We know Newton’s second law: $\mathbf{F} = m\mathbf{a}$, and $\mathbf{p} = m \mathbf{v}$.

Differentiating $\mathbf{p} = m \mathbf{v}$ with respect to $t$, presuming constant mass ($m$) yields,

$$ \begin{aligned} \frac{d\mathbf{p}}{dt} = \dot{\mathbf{p}} &= \frac{d}{dt}(m\mathbf{v}) \\ \\[0.1pt] &= m \ \frac{d\mathbf{v}}{dt} \\ \\[0.1pt] &= m\mathbf{a} \\ \\[0.1pt] \therefore \quad \mathbf{F} &= \dot{\mathbf{p}} \quad \blacksquare \end{aligned} $$

With this lemma, we can proceed with the main proof.

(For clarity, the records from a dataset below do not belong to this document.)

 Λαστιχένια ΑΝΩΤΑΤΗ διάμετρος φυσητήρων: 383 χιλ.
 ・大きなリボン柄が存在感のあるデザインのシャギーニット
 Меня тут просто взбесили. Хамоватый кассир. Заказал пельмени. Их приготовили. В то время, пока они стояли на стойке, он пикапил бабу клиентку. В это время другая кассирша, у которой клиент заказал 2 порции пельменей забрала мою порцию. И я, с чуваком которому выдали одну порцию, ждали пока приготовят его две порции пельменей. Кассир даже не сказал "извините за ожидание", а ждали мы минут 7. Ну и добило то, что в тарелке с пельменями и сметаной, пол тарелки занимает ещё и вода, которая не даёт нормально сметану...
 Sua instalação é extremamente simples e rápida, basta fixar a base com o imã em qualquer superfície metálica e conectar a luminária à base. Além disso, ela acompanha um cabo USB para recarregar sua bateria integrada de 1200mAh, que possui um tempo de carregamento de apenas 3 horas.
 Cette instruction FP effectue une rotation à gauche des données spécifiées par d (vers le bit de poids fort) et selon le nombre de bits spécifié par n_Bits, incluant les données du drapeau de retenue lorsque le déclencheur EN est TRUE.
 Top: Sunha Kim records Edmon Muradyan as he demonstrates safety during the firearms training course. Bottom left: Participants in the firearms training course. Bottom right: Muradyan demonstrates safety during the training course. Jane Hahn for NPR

Suppose we have a system with point particles $p_1$ and $p_2$, exerting forces $\mathbf{F}_{21}$ and $\mathbf{F}_{12}$, on each other.

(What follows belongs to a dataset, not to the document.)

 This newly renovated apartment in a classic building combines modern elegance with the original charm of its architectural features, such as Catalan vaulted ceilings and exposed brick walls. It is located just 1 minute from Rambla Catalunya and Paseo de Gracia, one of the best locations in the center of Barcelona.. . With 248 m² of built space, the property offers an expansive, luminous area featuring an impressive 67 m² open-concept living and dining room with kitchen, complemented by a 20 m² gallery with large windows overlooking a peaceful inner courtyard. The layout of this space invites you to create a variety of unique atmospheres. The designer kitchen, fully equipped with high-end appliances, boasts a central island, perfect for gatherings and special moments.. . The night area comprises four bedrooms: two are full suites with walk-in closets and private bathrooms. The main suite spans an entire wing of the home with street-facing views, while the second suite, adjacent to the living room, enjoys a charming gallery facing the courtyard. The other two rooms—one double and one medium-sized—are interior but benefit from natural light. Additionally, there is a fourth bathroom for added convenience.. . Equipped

We also approximate any external forces on these two particles as $\mathbf{F}^{\text{ext}}_1$ and $\mathbf{F}^{\text{ext}}_2$,

$$ \begin{aligned} \mathbf{F}_{p_1} &= \mathbf{F}_{12} + \mathbf{F}^{\text{ext}}_1 \\ \\[0.1pt] \mathbf{F}_{p_2} &= \mathbf{F}_{21} + \mathbf{F}^{\text{ext}}_2 \end{aligned} $$

By the lemma $\mathbf{F} = \dot{\mathbf{p}}$,

$$ \begin{aligned} \mathbf{F}_{p_1} &= \dot{\mathbf{p}}_1 \\\\ \mathbf{F}_{p_2} &= \dot{\mathbf{p}}_2 \end{aligned} $$

The total momentum of our two-particle system is:

$$ \mathbf{P}_{\text{total}} = \mathbf{p}_1 + \mathbf{p}_2 $$

Differentiating with respect to time yields,

$$ \begin{aligned} \dot{\mathbf{P}}_{\text{total}} &= \dot{\mathbf{p}}_1 + \dot{\mathbf{p}}_2 \\ \\[0.1pt] &= \mathbf{F}_{12} + \mathbf{F}_{21} + \mathbf{F}^{\text{ext}}_1 + \mathbf{F}^{\text{ext}}_2 \end{aligned} $$

Since $\mathbf{F}_{12} = -\mathbf{F}_{21}$, their sum cancels out. Letting the total external force be $\mathbf{F}_{\text{ext}} = \mathbf{F}^{\text{ext}}_1 + \mathbf{F}^{\text{ext}}_2$, we have:

$$ \dot{\mathbf{P}}_{\text{total}} = \mathbf{F}_{\text{ext}} $$

This important result shows that the rate of change of total momentum ($\dot{\mathbf{P}}_{\text{total}}$) in a two-particle system is determined solely by the net external force.

In the special case where $\mathbf{F}_{\text{ext}} = 0$, we conclude:

$$ \dot{\mathbf{P}}_{\text{total}} = 0 \quad \Rightarrow \quad \mathbf{P}_{\text{total}} = \text{constant} \quad \blacksquare $$